The Mudcat Café TM
Thread #127030   Message #2838699
Posted By: Jim Carroll
14-Feb-10 - 03:48 AM
Thread Name: Is it Ok to sing from a song book?
Subject: RE: Is it Ok to sing from a song book?
A question springs into my mind about all this.
How do singers feel about their songs while they are singing them?
The most common experience we got from the field-singers we interviewed was that they saw them; "It's like sitting in the cinema", one singer told us.
Walter Pardon set the songs in his local area and he could provide us with descriptions of all the characters in the songs. We have an amusing recording of him describing what he 'looks at' when he's singing; "Down my nose....."
Irish singer Tom Lenihan the same - and the Travellers.

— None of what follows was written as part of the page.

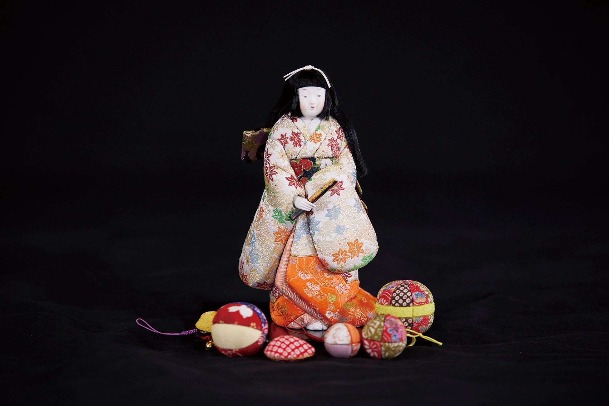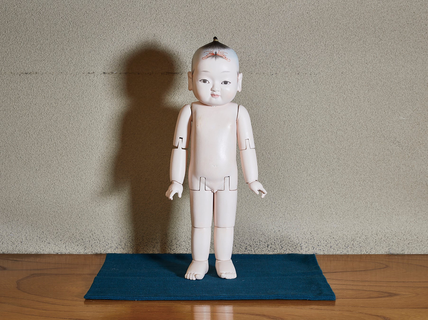 三つ折り人形は日本人形の逸品の一つ。安永元年(1772年)頃に作られた仕組みで、頭・胴・手足を別々に彫ることで膝頭と足が折れ立ち座りが出来ます。木彫りした部品は胡粉を数十回塗り重ね最後に顔を描いて仕上げます。その他の人形は多くのデッサンを基に木を彫り様々な表現方法を用いて世界に唯一の作品を作ります。

I know this to be the case with other singers. In the U.S. The Rounder CD of Mrs Texas Gladden has a track where she describes in some detail the step-by-step progress of Mary Hamilton to her execution.
In a number of cases where we've discussed this with singers they have said that they deliberately close their eyes to achieve this effect.
When I was singing regularly it was something I strove for - it didn't always happen, but when it did it stayed with you for a long time. Part of the preparation for singing the song was to create pictures of the songs in your minds-eye.
I am getting the impression here of people who consider it the pinnacle of achievement to arrive at the end of the song without dropping the ball. This surely means that singers are not experiencing their songs; it sounds more like a technical exercise of getting from A to Z rather than an act of enjoyment.
I really don't believe that failing memory is an excuse unless dementia has begun to set in.
Tom Lenihan was not noted by people who knew him as having a great memory - good, but not phenomenal. Yet, when into his eighties, we've recorded him singing a song which he had not thought about for forty years, without a single slip.
On Friday we went to the 100th birthday calebration organised for one of the singers we recorded some years ago. When we left she was still singing, and the love she had for her songs shone through her years.
I asked earlier, can people enjoy and experience their songs while reading them or worrying about remembering them. I never received a reply, so I took the answer to be no - that it was enjoyment enough to get through them; that's the impression I am left with anyway.